Listed records below:

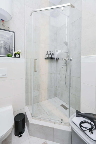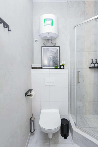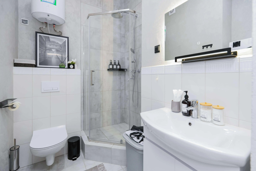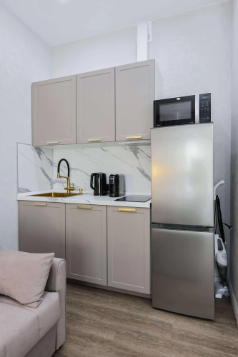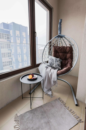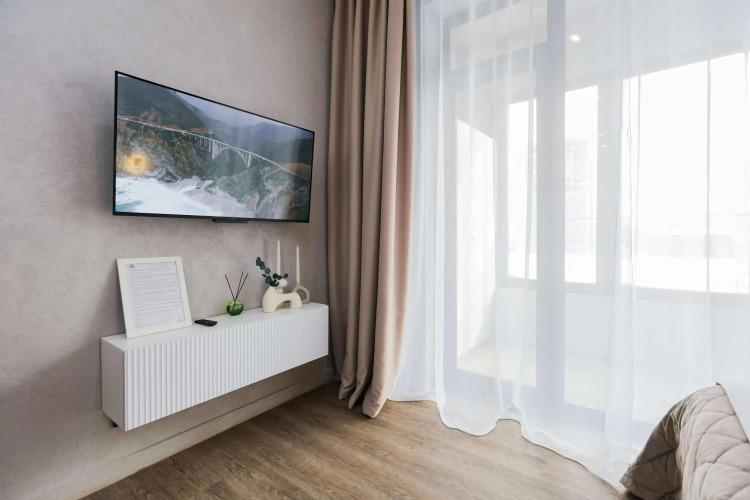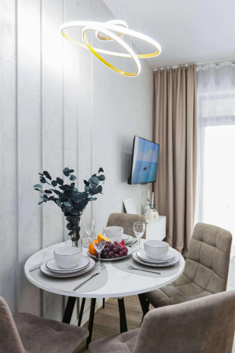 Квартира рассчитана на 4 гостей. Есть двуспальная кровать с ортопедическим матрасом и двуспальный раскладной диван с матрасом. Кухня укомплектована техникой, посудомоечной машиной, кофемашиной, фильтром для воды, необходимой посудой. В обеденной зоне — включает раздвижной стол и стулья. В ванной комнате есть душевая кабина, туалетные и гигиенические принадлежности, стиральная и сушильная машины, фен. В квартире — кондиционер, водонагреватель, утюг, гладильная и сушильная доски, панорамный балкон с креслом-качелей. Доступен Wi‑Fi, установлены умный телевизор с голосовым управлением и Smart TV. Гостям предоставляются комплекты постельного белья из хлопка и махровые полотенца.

End of Listed records.
Listed records below:

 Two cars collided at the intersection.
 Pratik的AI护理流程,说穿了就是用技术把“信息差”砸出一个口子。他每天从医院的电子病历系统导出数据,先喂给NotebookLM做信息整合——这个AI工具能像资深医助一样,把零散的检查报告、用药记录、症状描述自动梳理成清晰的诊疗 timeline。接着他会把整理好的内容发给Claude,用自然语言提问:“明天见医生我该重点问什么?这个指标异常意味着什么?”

End of Listed records.

## [What is needed]
When you reach the line containing "Two cars collided at the intersection." in the data above, start copying exactly, and stop after the line containing "Pratik的AI护理流程,说穿了就是用".

## [Answer to this exercise]
 Two cars collided at the intersection.
 Pratik的AI护理流程,说穿了就是用技术把“信息差”砸出一个口子。他每天从医院的电子病历系统导出数据,先喂给NotebookLM做信息整合——这个AI工具能像资深医助一样,把零散的检查报告、用药记录、症状描述自动梳理成清晰的诊疗 timeline。接着他会把整理好的内容发给Claude,用自然语言提问:“明天见医生我该重点问什么?这个指标异常意味着什么?”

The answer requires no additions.